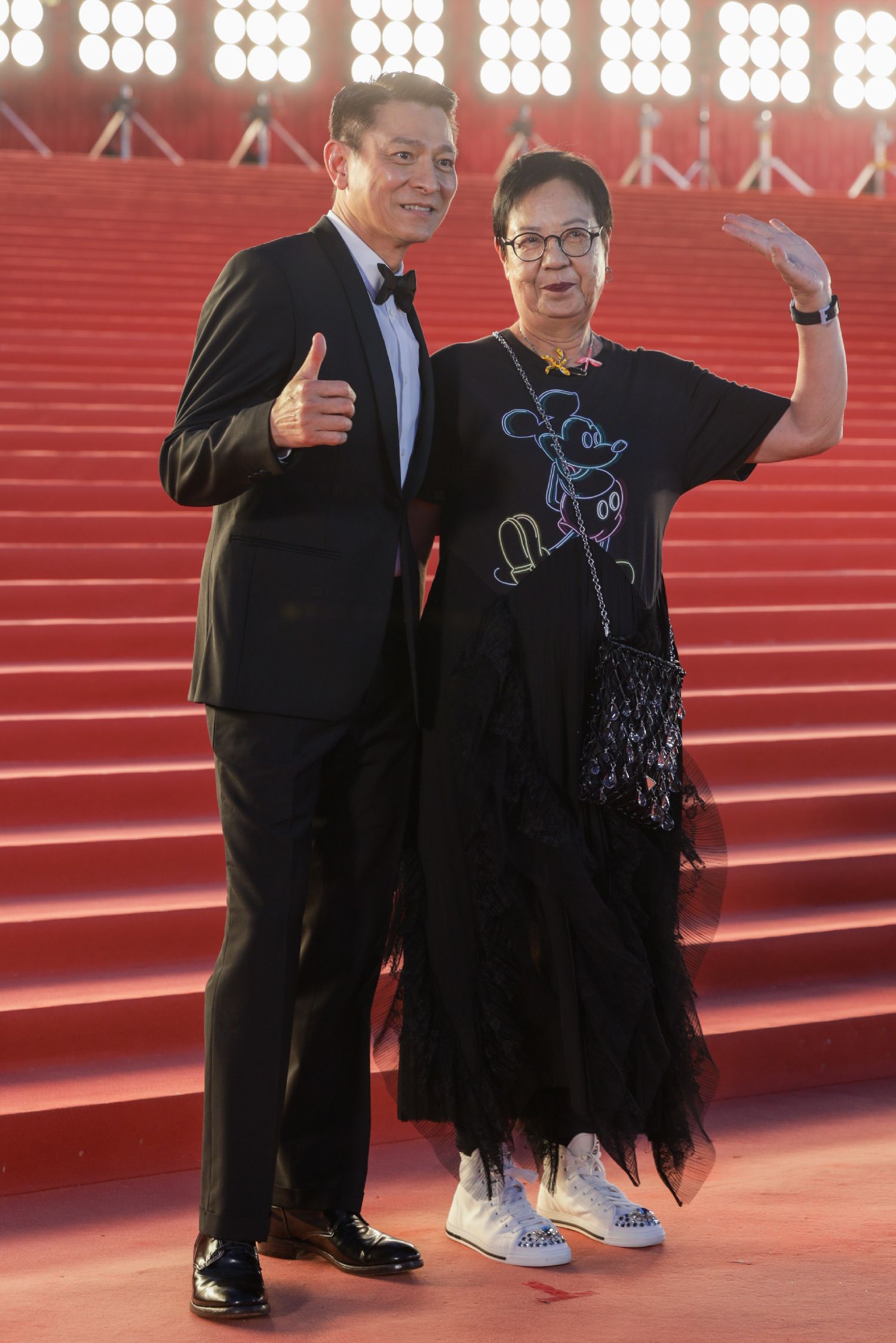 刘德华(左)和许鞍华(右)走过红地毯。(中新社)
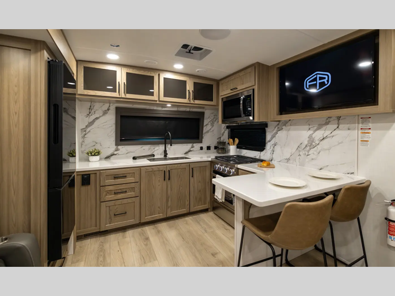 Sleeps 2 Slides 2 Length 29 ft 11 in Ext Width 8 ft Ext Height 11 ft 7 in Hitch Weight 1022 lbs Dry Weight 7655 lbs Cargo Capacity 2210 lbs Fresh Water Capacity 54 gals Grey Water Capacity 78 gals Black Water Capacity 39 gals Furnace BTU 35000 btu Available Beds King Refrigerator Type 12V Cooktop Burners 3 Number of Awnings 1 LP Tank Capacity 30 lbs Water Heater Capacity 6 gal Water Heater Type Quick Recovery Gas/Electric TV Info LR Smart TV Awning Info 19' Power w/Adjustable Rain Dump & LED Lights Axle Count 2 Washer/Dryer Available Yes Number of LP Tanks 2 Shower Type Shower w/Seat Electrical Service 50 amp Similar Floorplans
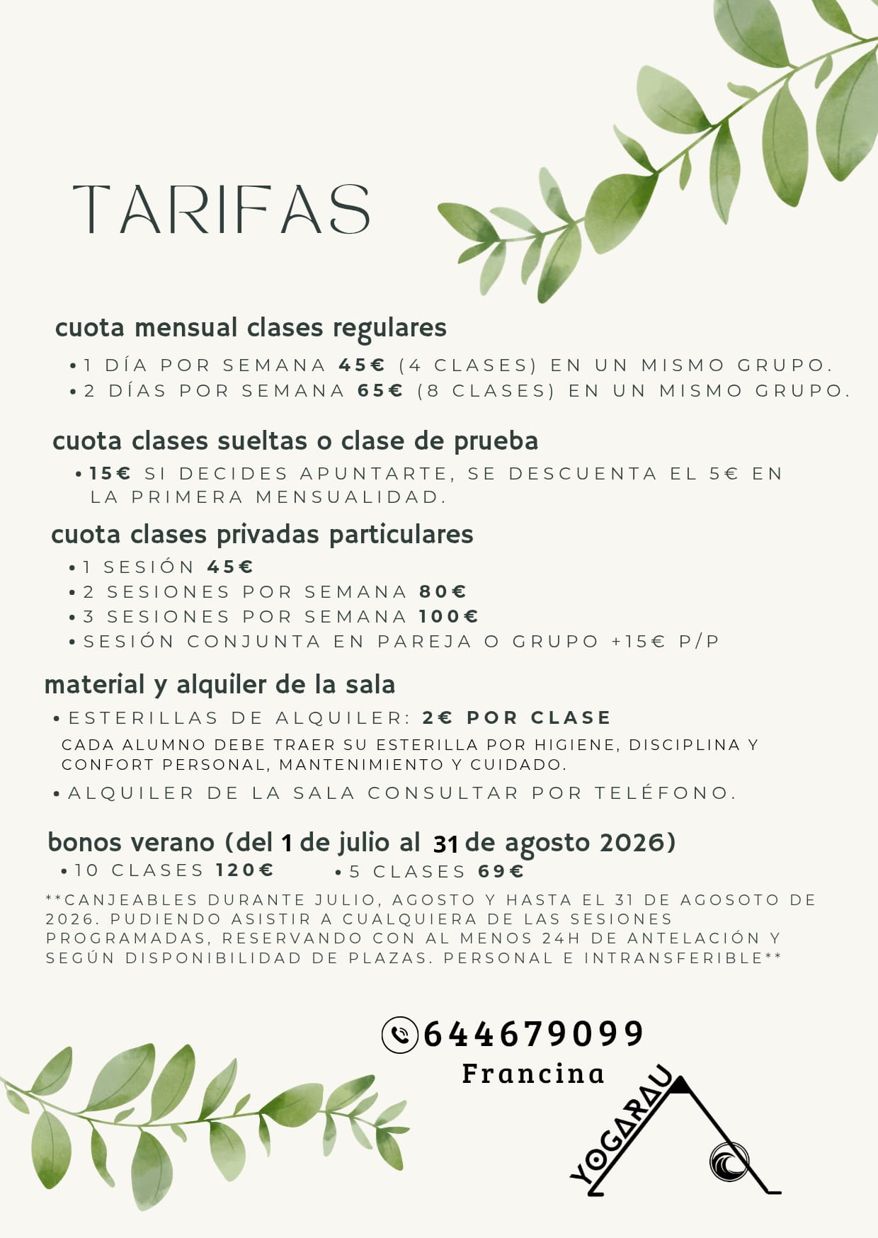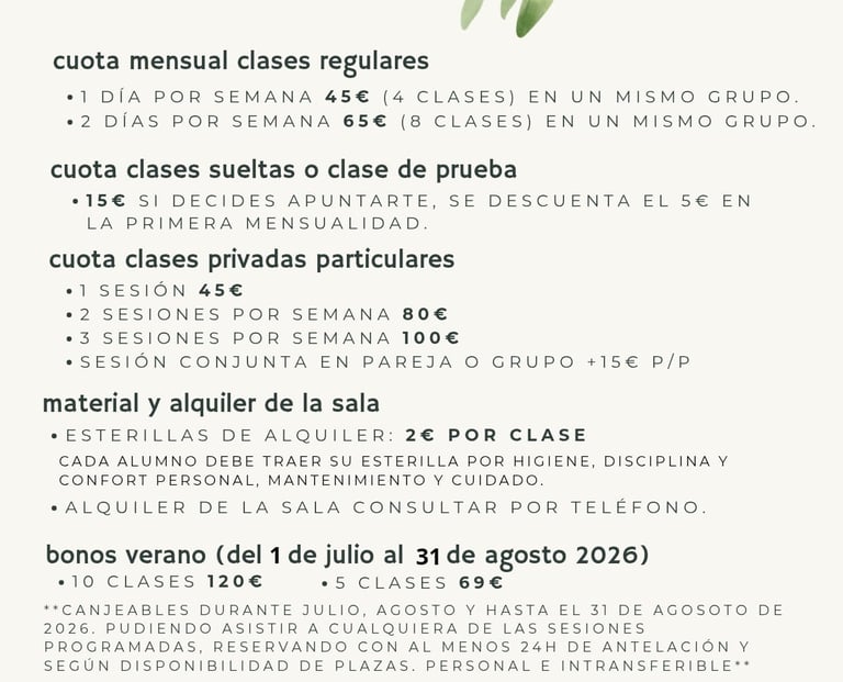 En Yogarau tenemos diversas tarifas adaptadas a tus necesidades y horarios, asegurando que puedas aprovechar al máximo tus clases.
---*---
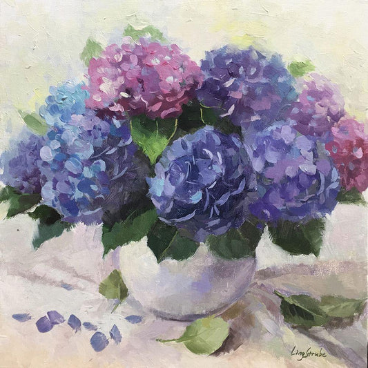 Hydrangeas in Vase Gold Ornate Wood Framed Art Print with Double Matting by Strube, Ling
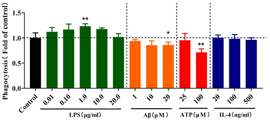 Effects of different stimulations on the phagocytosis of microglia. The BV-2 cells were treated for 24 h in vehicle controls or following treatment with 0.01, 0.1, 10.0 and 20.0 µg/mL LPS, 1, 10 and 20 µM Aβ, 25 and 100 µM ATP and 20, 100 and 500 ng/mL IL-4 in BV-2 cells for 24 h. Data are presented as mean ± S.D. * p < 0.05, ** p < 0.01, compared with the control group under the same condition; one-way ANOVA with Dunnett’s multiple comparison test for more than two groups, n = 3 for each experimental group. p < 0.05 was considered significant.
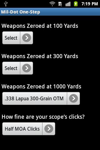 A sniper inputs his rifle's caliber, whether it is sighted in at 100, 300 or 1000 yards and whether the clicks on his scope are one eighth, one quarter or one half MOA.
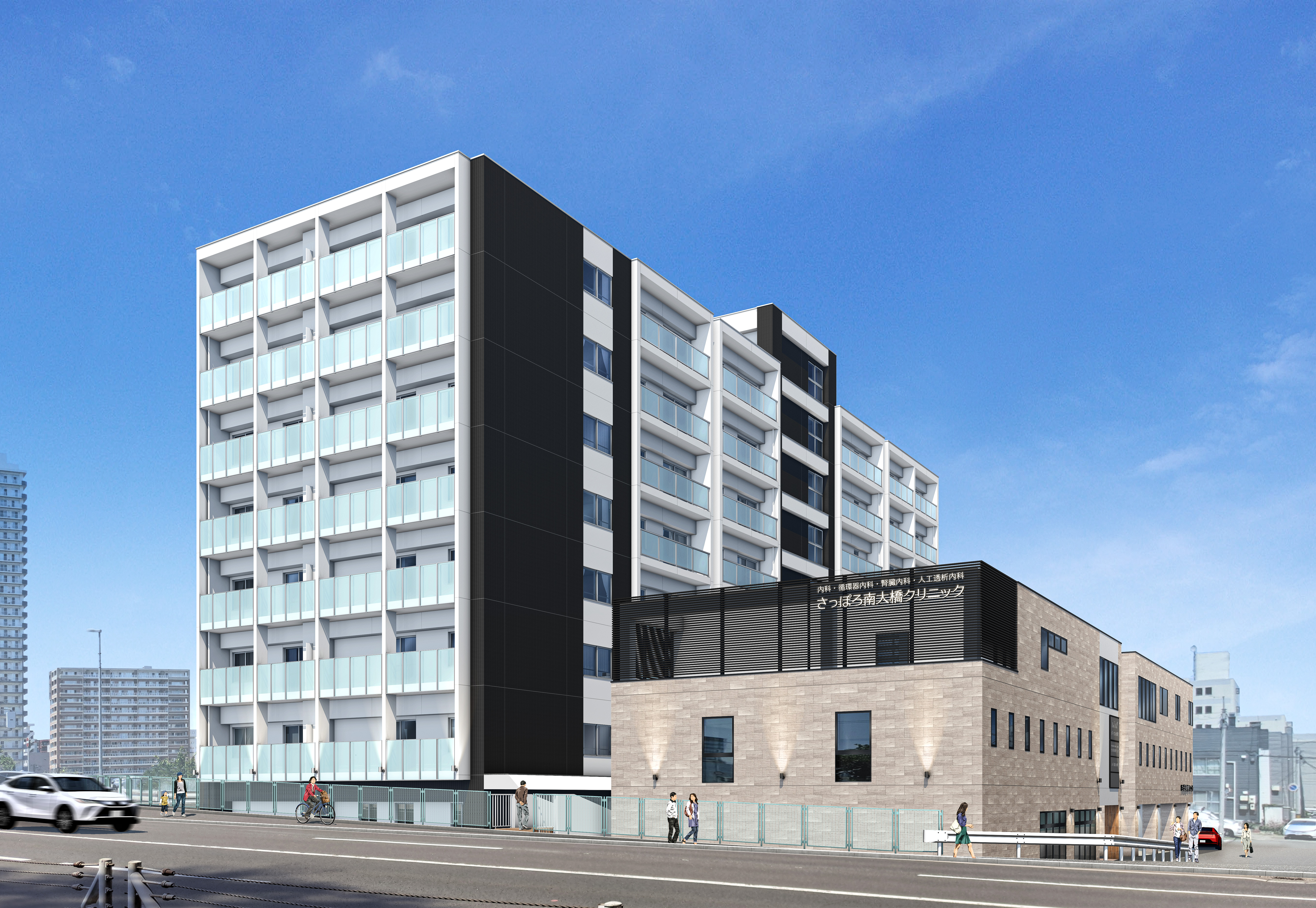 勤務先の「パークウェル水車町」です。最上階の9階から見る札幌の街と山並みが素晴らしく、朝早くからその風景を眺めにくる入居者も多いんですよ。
---*---
◆ **The task**
Nothing but the lines above from the one that has "A sniper inputs" down to the one that has "勤務先の「パークウェル水車町" belongs in the answer, copied exactly, without pictures.

◆ **Completed exercise**
 A sniper inputs his rifle's caliber, whether it is sighted in at 100, 300 or 1000 yards and whether the clicks on his scope are one eighth, one quarter or one half MOA.
 勤務先の「パークウェル水車町」です。最上階の9階から見る札幌の街と山並みが素晴らしく、朝早くからその風景を眺めにくる入居者も多いんですよ。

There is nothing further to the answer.